Using just what's available in the Vulkan API, this would be impossible. However, a few years ago, we added sync file import/export ioctls to dma-buf which allow you to query a dma-buf for the current set of write or read fences in the form of a sync file as well as set the write fence from a sync file. This was originally designed to help Vulkan drivers better synchronize with X11 and older Wayland compositors, which is kind of the opposite problem. However, when combined with Vulkan's support for the import and export of sync files, it gives us all the pieces Zink needs in order to implement implicit synchronization. The trick, then, is to insert synchronization in all the right places while also avoiding over-synchronizing everything.
And Zink attempts to do this. Its barrier code is able to detect dma-bufs and do the queue family transition from VK_QUEUE_FAMILY_EXTERNAL to the 3D queue and insert the necessary synchronization. It would also transition the dma-buf image back to VK_QUEUE_FAMILY_EXTERNAL and synchronize at the end of the batch so any other clients trying to use the dma-buf wouldn't accidentally race with it. All of this worked great... Once. If the dma-buf image was ever used a second time, however, Zink would fail to detect the needed queue family ownership transfers and start treating the dma-buf image like any other totally unsynchronized image.
We never noticed this because Wayland compositors always re-import the image into the texture via glEGLImageTargetTexture2D() every frame. This meant that Zink was always working with a fresh image and, as long as the queue family ownership transfer and related synchronization happened for the first composite, it was close enough. In the world of X11, however, images are typically imported once and then referenced over and over again. This meant that after the first frame, X11 clients were effectively running entirely unsynchronized against the Glamor and the X11 compositor, if any.

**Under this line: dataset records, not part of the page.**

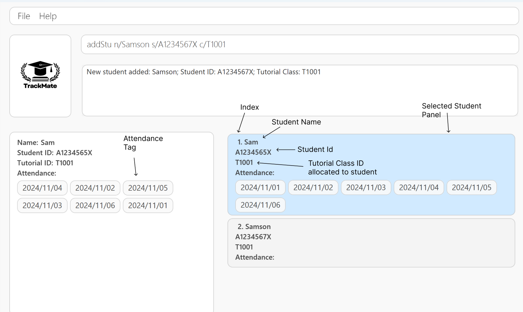 addStucommand afterfindcommand will return the full list of students in TrackMate application.- Since this application is catered to only one module, each student can only be assigned to one tutorial.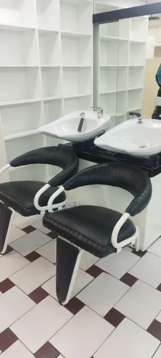 Conjunto de lavacabezas para salón de peluquería. Diseñados para ofrecer comodidad y funcionalidad. - Dos lavacabezas. - Sillas tapizadas en negro y blanco. - Estructura blanca. Se encuentran en San Lorenzo de el Escorial...se desmontan y cargan por la persona que lo compre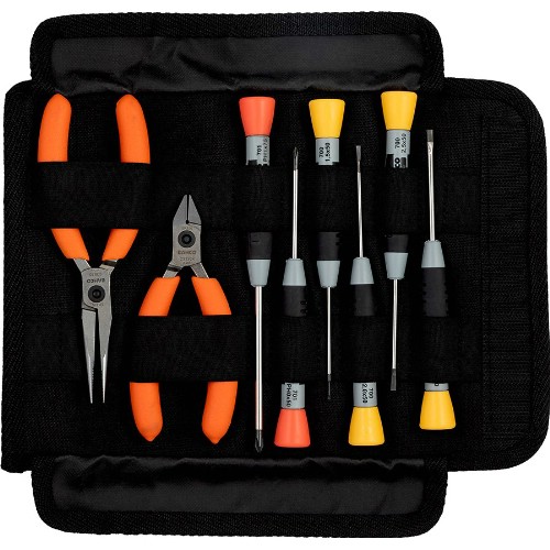 Verktygssats i 8 delar med 6 st precisionsskruvmejslar, 1 st sidavbitare med avfasat och urfräst huvud och 1 st spetstång med långt huvud. Levereras i mjuk förvaringsväska.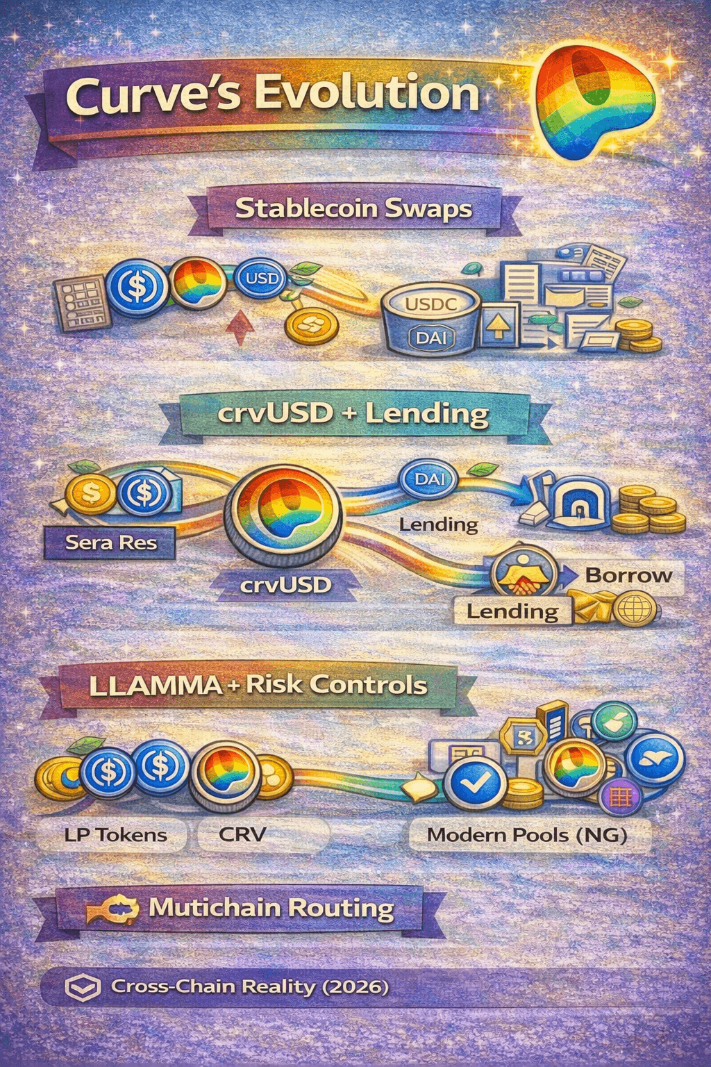 In plain terms: Curve moved from “a place you swap stablecoins” to “a system that can also create credit (loans) and a native stablecoin,” with swaps, borrowing, and liquidity incentives feeding into one another.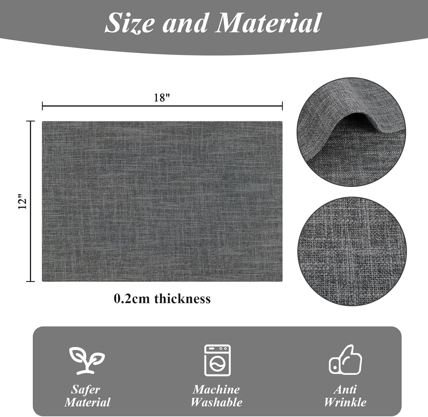 SHACOS Woven Fabric Placemats Set of 4 Heat Resistant Place Mats Non Slip Washable Double Layer Cloth Placemats Reversible Table Mats Kitchen Dining Table Decor (4, Dark Grey)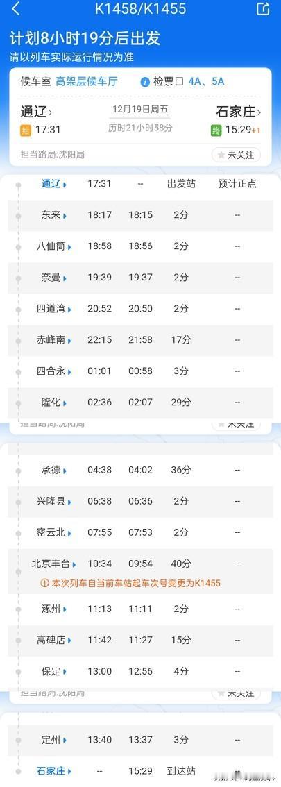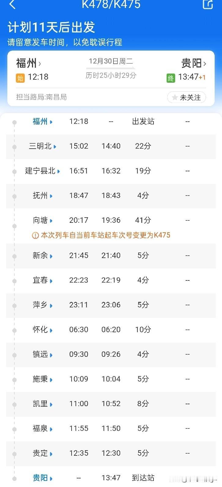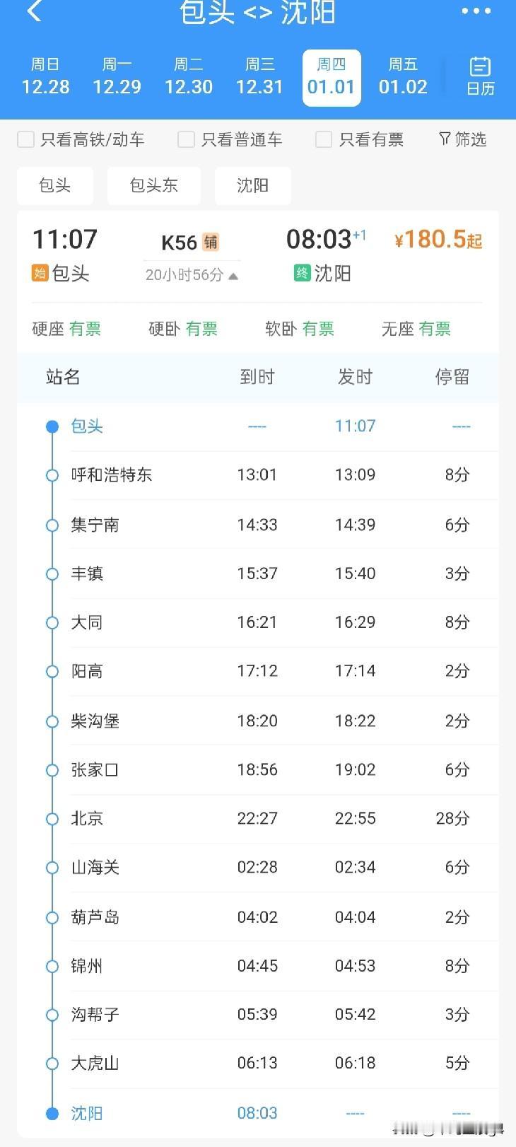 12月底多趟普速列车恢复开行 2026年的春运要到喽,12月底首批恢复开行的车次已上线一部分了,接下来还将上线很多车次,来提供更多的票额。首先,2025年12月初,京承铁路恢复通车,通州西站至承德站的6419次列车,以及通辽到石家庄的k1458次列车及往返车次恢复开行,通州地区和承德地区再次通过铁路客车连接在一起,通辽、赤峰到北京,石家庄也恢复了通行列车。 12月19日起,吉林的白山市站至吉林站的k7394次列车以及往返车次,恢复开行,途经通化、辽源,四平、长春等城市,夕发朝至,全程需要11小时,适合预算慢时出行。 12月27日起,包头到沈阳的列车k56次列车恢复开行,全程耗时约一天。 12月29日起,襄阳到湛江的列车恢复开行,这也是两地唯一一趟列车,全程耗时也需一天。 12月30日起,福州到贵阳k478次列车也恢复运营了,这趟列车跨越福建,江西,呼南,贵州等多个省份,耗时一天以上。 年底将至,车次也变得更多了起来,列车恢复开行后,车票也变得更加好买了,票源更稳,但仍需要提前预定。

Once I managed to track down the bug, fixing it was actually fairly simple. There were a couple of places where we missed flagging an image as possibly needing a barrier. The fix was less than a dozen lines of code and now X11 clients are running flicker-free (as much as any X11 client is flicker-free).
If there's one thing to take away from this story it's that synchronization is hard and that Firefox and Chromium together make a pretty good EGL test suite, finding all sorts of corner cases. With both of them working now, though, I feel pretty confident that Zink's EGL is probably in decent shape.